Why do you have to add this layer of steel wire? To put it bluntly, the non-metallic expansion joint itself is a pile of fabric and rubber, and has limited tensile strength. When the internal pressure of the pipeline runs, there is no steel wire layer to cover the bottom, and the expansion joint will deform and fail directly. Wire layers are like steel bars in concrete, dispersing axial and radial forces. For specific data, you can refer to this siteNational Standard for Non-Metallic Expansion Joints JB/T 12235-2015Which clearly specifies the material and arrangement of the reinforcing layer. Also, something likeRectangular non-metallic expansion jointFor this large cross-section, the steel wire layer has to be densified and thickened, otherwise the stress at the square corners will be concentrated and it will be easy to tear.

However, the position of the steel wire layer is not static, it depends on the working conditions. For example, in the desulfurization flue gas pipeline, the medium contains acid and humidity. At this time, the steel wire layer usually leans against the inner layer, and several layers of corrosion-resistant polytetrafluoroethylene or EPDM rubber are wrapped outside to prevent acidic gas from directly corroding the steel wire. On the other hand, if the pipeline is running under negative pressure (such as the air cooling system of a power station), the steel wire layer has to be close to the outer surface, and the inner layer is used with a more flexible silicone cloth to absorb the negative pressure deformation. Two days ago, a customer in the cement industry asked, saying that they usedMetal Corrugated Expansion Joints in Cement IndustryGet used to it, and I am afraid that it will not be durable if it is replaced with non-metallic. I told him that if the layout of non-metallic steel wire layer is reasonable, the life span is not bad at all.

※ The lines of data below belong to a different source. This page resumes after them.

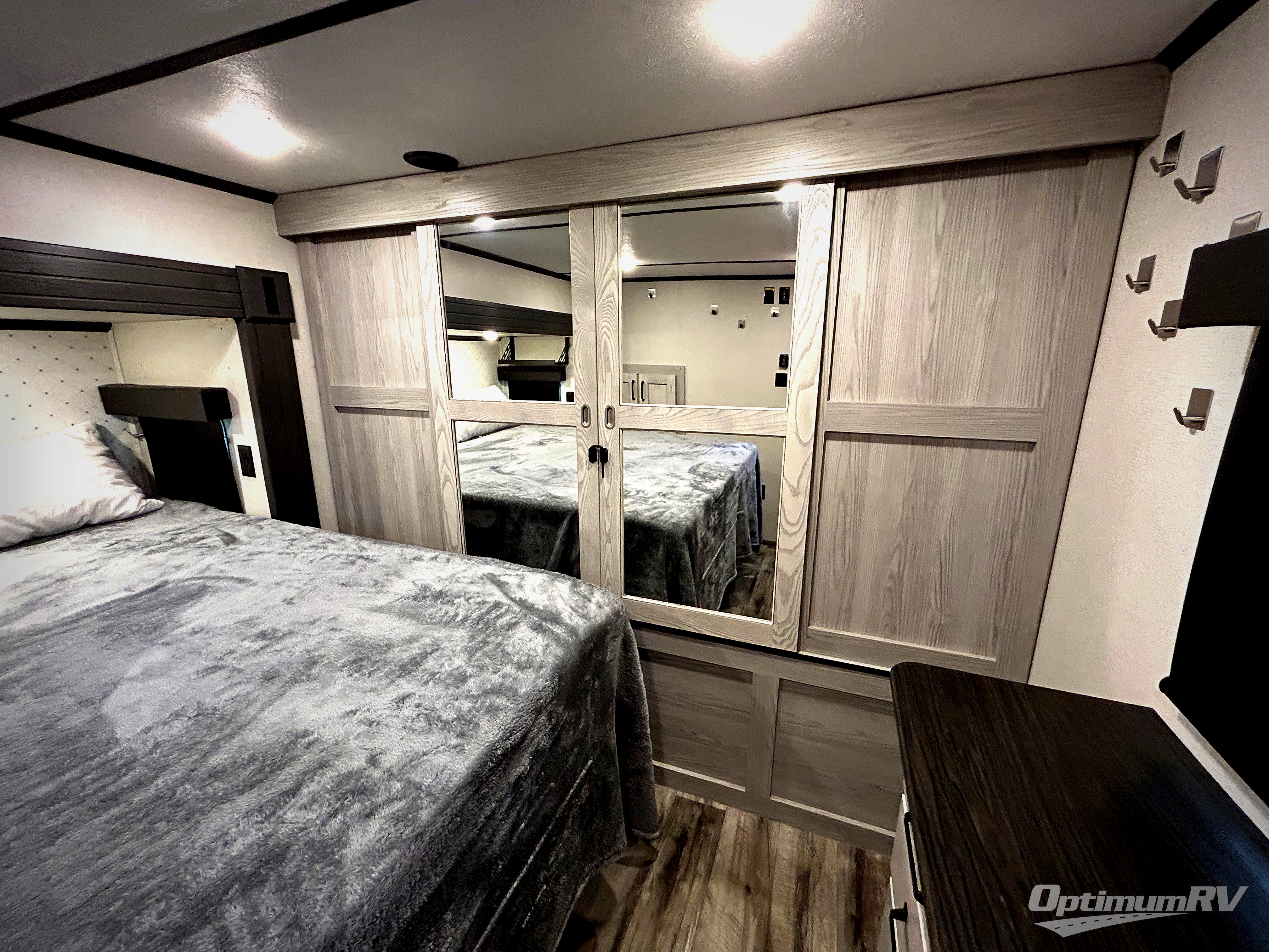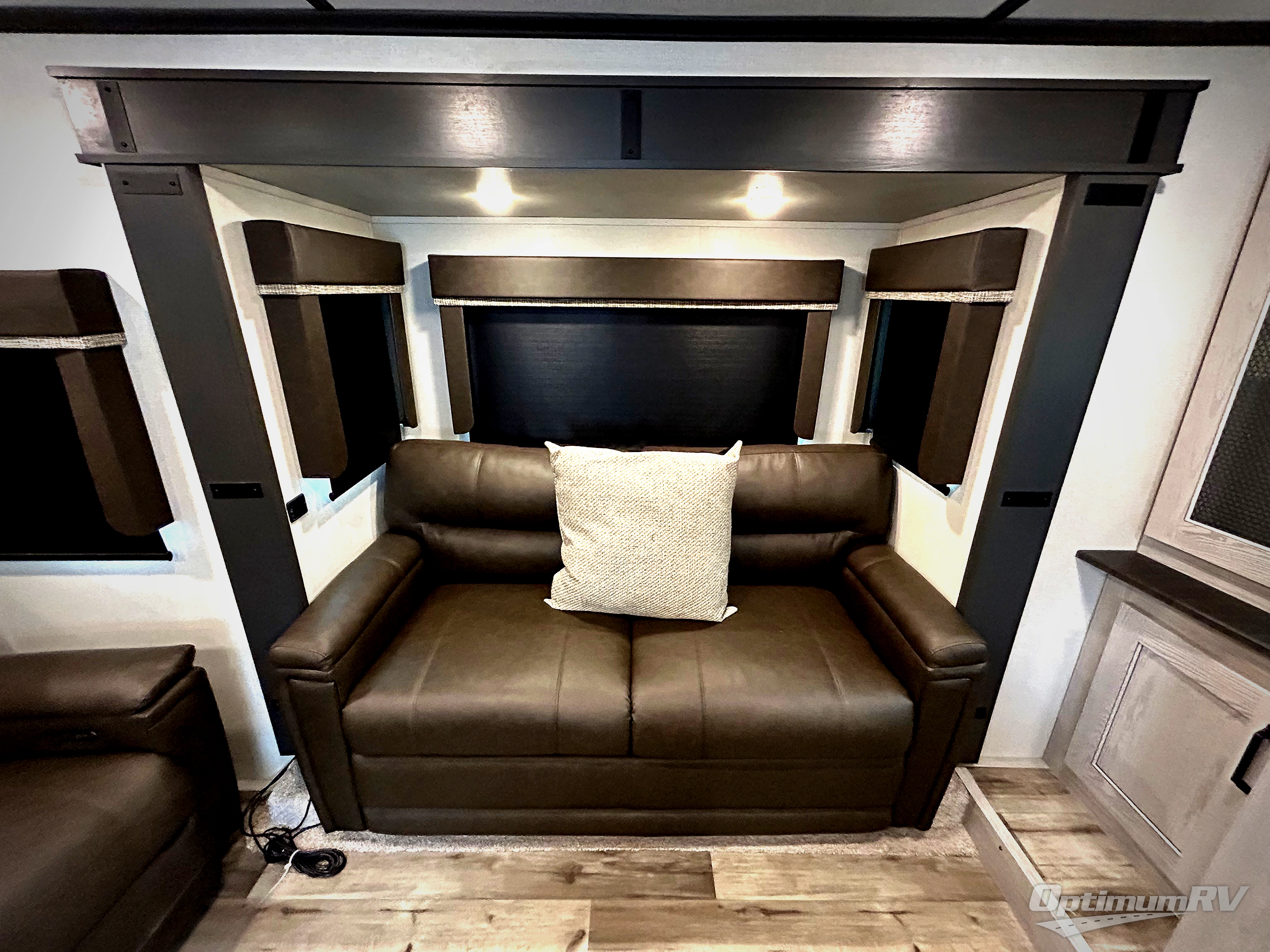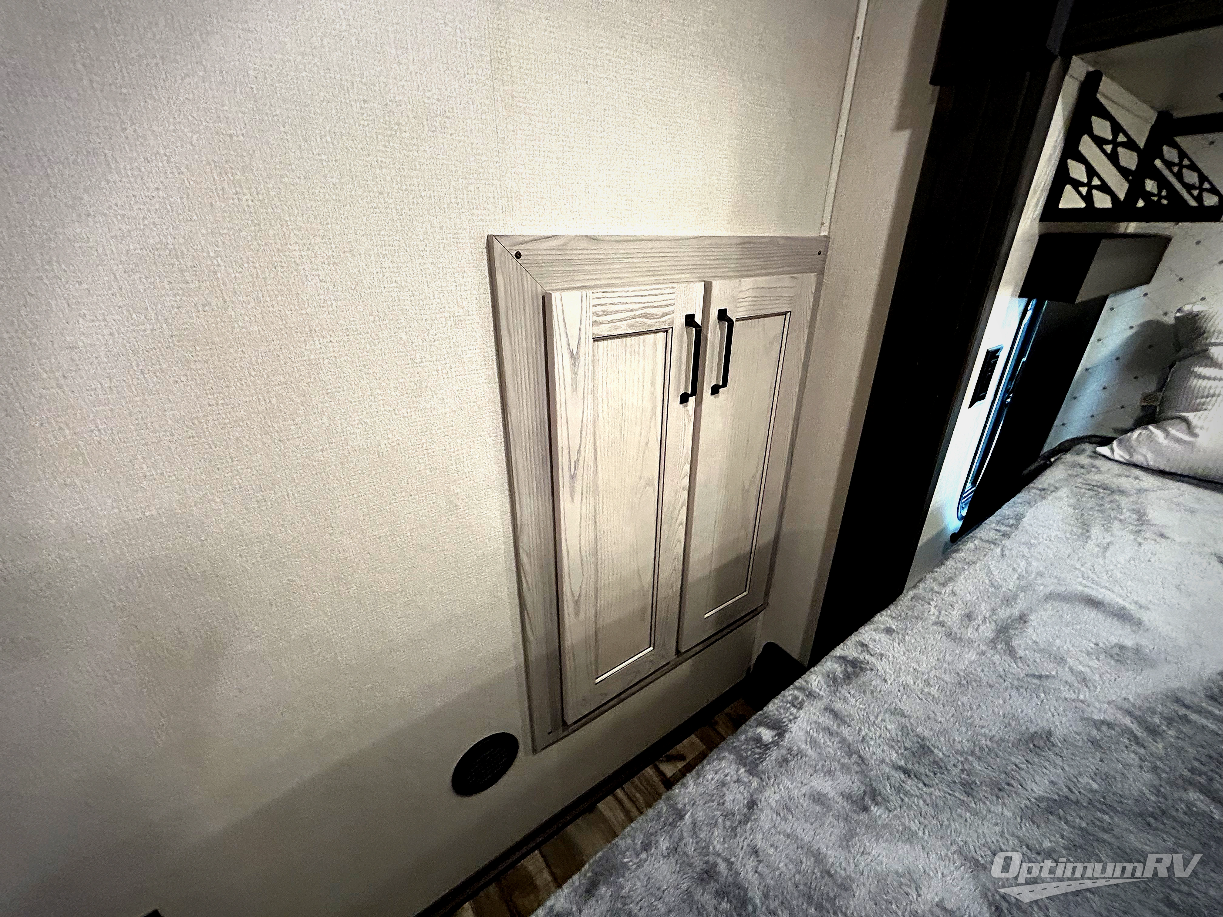 Include all of your favorite people on your next adventure in this Montana High Country fifth wheel! Not only is there a rear private bedroom with a king-size bed for you, but there is also a loft above with stairs that take you to the bunk mats. Now your kids will have their own space too. You can even host a few other travelers up front in the separate living room on the two hide-a-bed sofas. This area will be perfect for cozy sleeping because of the fireplace, and you can even watch a movie as you drift off to sleep because of the 50" LCD TV too. The full bathroom has a pivot-hinge door and a 48" x 30" shower with seat, and the kitchen has a breakfast bar that you can sit at to eat your cereal each morning
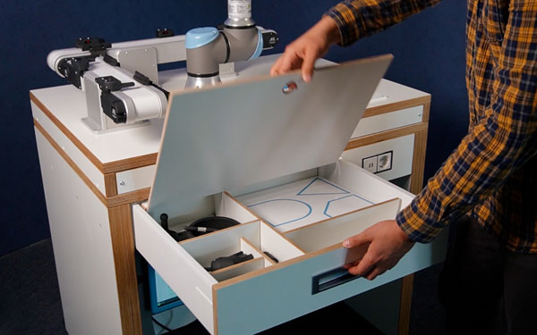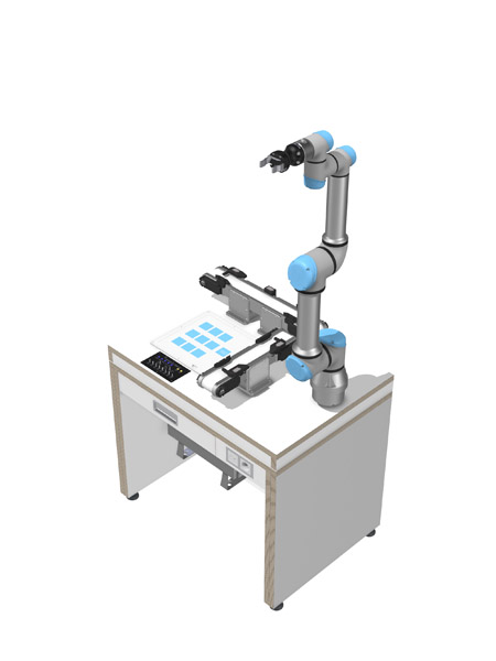 La cellule de formation UR5e Starter offre une introduction idéale au travail avec des robots industriels collaboratifs (ou cobots). Les nombreuses fonctionnalités de sécurité du cobot permettent de mener des expériences innovantes et sûres dans votre laboratoire. Notre système offre une solution complète comprenant un cobot avec ses accessoires, ainsi qu'un établi optimisé pour cette application, avec alimentation électrique, tous les supports nécessaires pour l'unité de commande, la tablette de programmation et le cobot, et un espace de rangement suffisant pour les accessoires nécessaires.
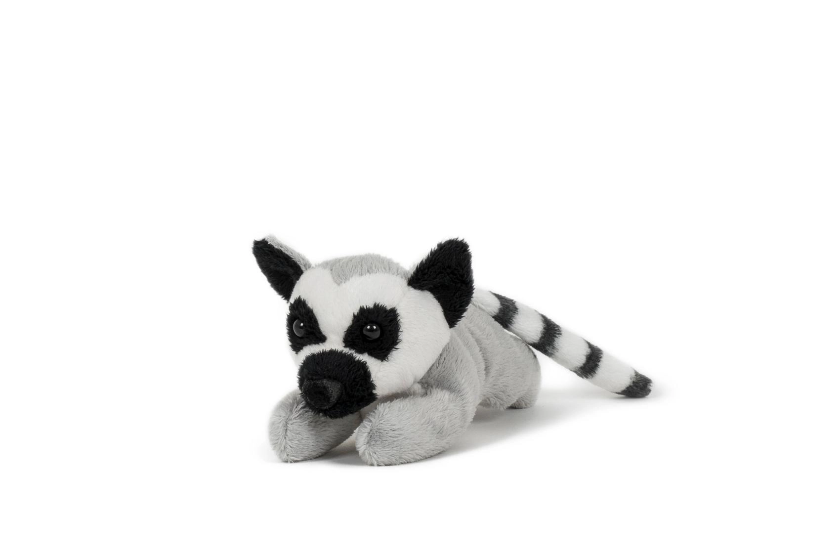 Roztomilý plyšový lemur kata v ležící pozici zaujme svým typickým černo‑bílým zbarvením a dlouhým pruhovaným ocasem. Díky realistickému provedení, měkkému a hebkému materiálu a přátelskému výrazu se rychle stane oblíbeným společníkem na mazlení i hraní doma i na cestách.
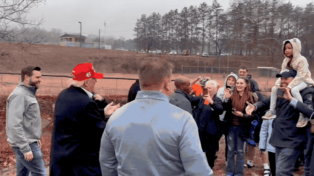 特朗普邀买人心:视察美国毒火车脱轨事发地!美国前总统特朗普现身火车脱轨的俄亥俄州东巴勒斯坦镇。特朗普一边分发红色的 MA
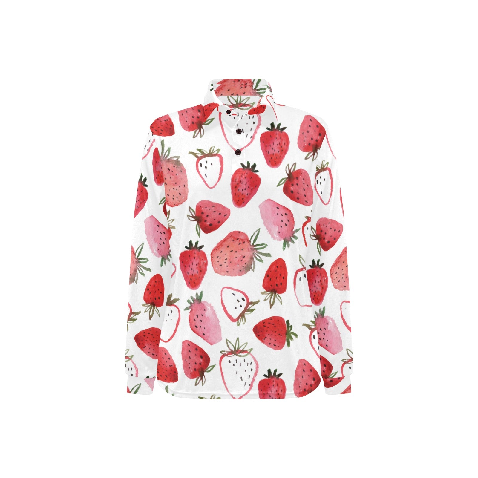 watercolor hand drawn beautiful strawberry pattern Women's Long Sleeve Polo Shirt
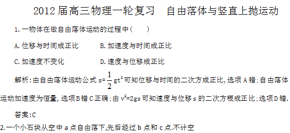 谷歌:贵州省2012届高三物理复习测试:8自由落体与竖直上抛运动
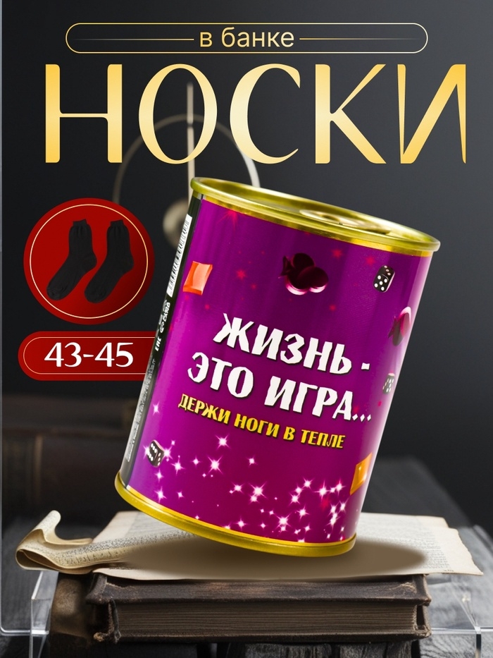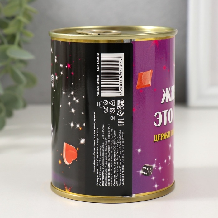 Подарочные носки в банке «Жизнь — это игра. Держи ноги в тепле», (внутри носки мужские махровые)

What are you most afraid of? I am most afraid of installing the steel wire layer in the wrong position. There was a power plant project before, and the installer saved the trouble by installing the non-metallic expansion joint in reverse, with the steel wire layer facing outward. As a result, within two months of operation, the outer fabric was worn out, the steel wire was exposed, rusted and broken, and the whole expansion joint directly leaked and stopped. In addition, there is also a situation that the steel wire layer is designed too inward and too close to the medium, and the high-temperature gas (over 400℃) burns the steel wire soft and loses its reinforcing effect. Therefore, when you buy, you must tell the manufacturer clearly about the medium temperature, pressure, positive and negative pressure, and don't just stare at the price. In the industry customer cases of this site,Flue gas baffle doorThe matching non-metallic expansion joint is specially aimed at the high-temperature dusty air flow to optimize the position of the steel wire layer.

Then how do you judge which category you should choose? Simple and rude method: Look at the nameplate or drawings. Regular manufacturers like us will make arrows on the flange on the non-metallic expansion joint to indicate the flow direction of the medium. If you are really worried, take a bright flashlight and take a look at the cross section-the reflection of steel wire mesh and the diffuse reflection of fiber cloth can be distinguished at a glance. If you buy it back and find that the steel wire layer is outside, and there is dust washing under the working condition, install the external sheath quickly. Finally, a reminder: Don't believe the nonsense that "the steel wire layer is universal inside and outside". The structural design of non-metallic expansion joints is calculated by stress. If the position is wrong, no matter how large the compensation amount is, it will be useless.